The prospectus SpringerNature released on April 25* in preparation of its intended stock market listing provides a unique view into what the publisher thinks are the strengths of its business model and where it sees opportunities to exploit them, including its strategy on open access publishing. Whether the ultimate withdrawal of the IPO reflected investors’ doubt about the presented business strategies, or whether SpringerNature’s existing debts were deemed to be too great a risk, the prospectus has nonetheless given the scholarly community an insight into the publisher’s motivations in supporting and facilitating open access.

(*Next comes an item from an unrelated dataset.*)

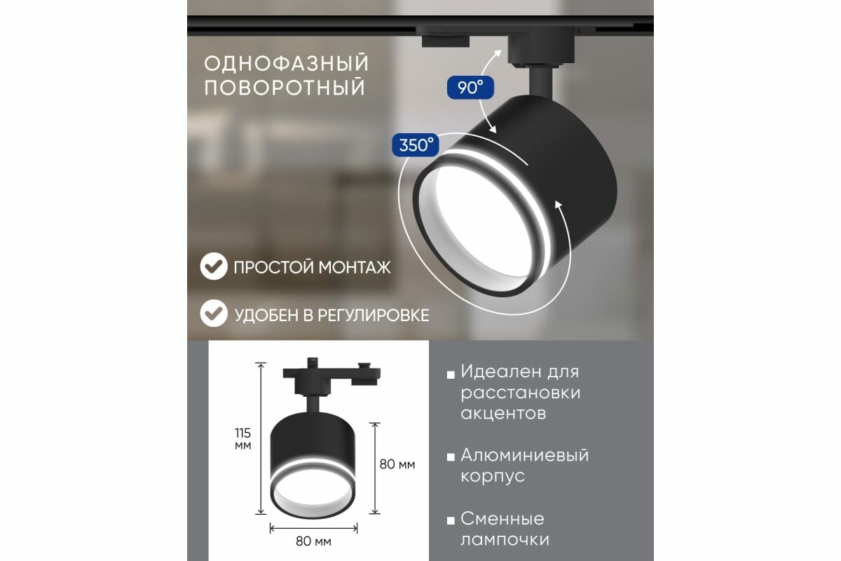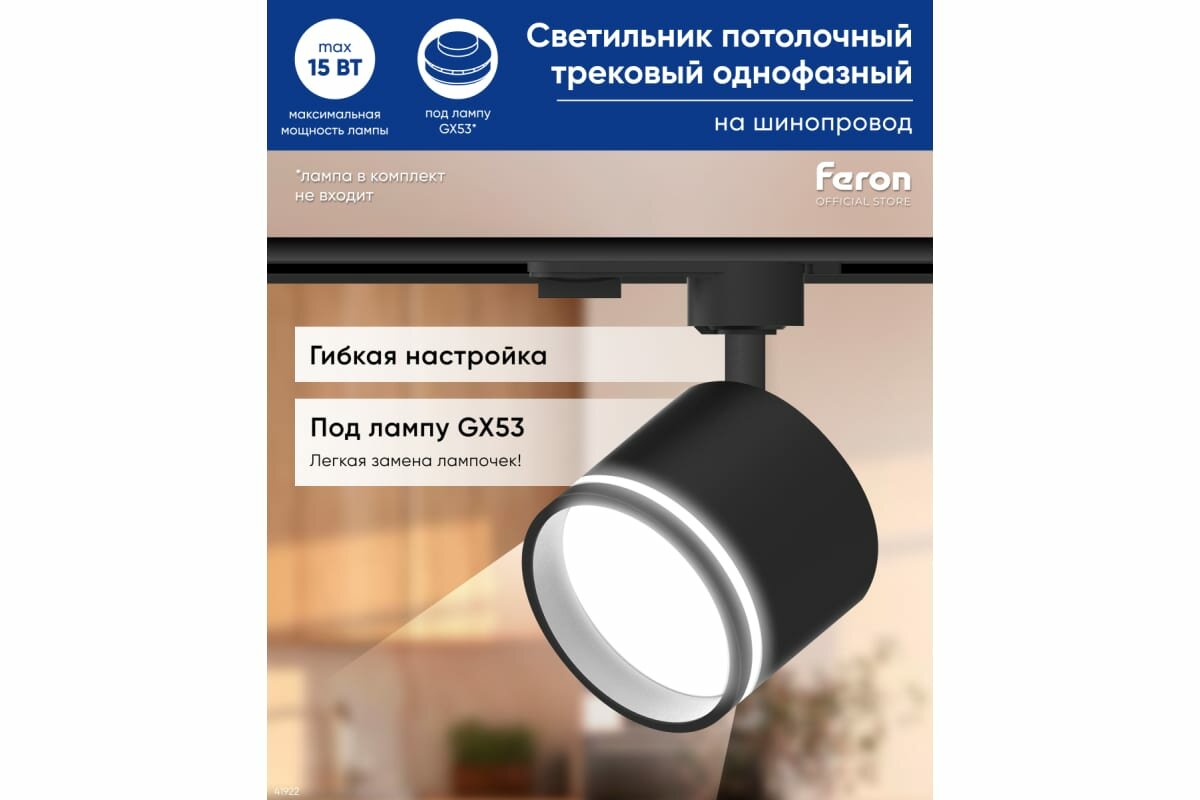 Трековый светильник FERON AL163, однофазный на шинопровод, под лампу GX53, поворотный, черный

In the document, aimed at potential shareholders, the company outlines how it stands to profit from APC (article processing charge)-based gold open access in an otherwise traditional publishing system that remains focused on high-impact factor journals. From this perspective, a market with high barriers to entry for new players is a desirable situation. Any calls for transparency of contracts, legislation against exclusive ownership of content by publishers, public discussion on pricing models and a move towards broader assessment criteria – beyond impact factors – are all seen as a threat to the company’s profits. Whether this position also benefits the global research community is a question worth asking.

The open access market is seen by SpringerNature as differentiated by impact factor, making it possible to charge much higher APCs for publishing open access in high impact factor journals. Quite revealing is that on page 99 of the prospectus, SpringerNature aims to exploit the situation to increase prices: “We also aim at increasing APCs by increasing the value we offer to authors through improving the impact factor and reputation of our existing journals.”

First, this goes to show that APCs are paid not just to cover processing costs but to buy standing for a researcher’s article (if accepted). This is not new: other traditional publishers such as Elsevier, but even pure open access publishers such as PLoS and Frontiers, tier their market and ask higher APCs for their more selective journals.

Second, this prospectus section shows SpringerNature interprets impact factors and journal brands as what makes a journal valuable to authors and justifies high APCs – and not aspects such as quality and speed of peer review, manuscript formatting, or functionality and performance of the publishing platform.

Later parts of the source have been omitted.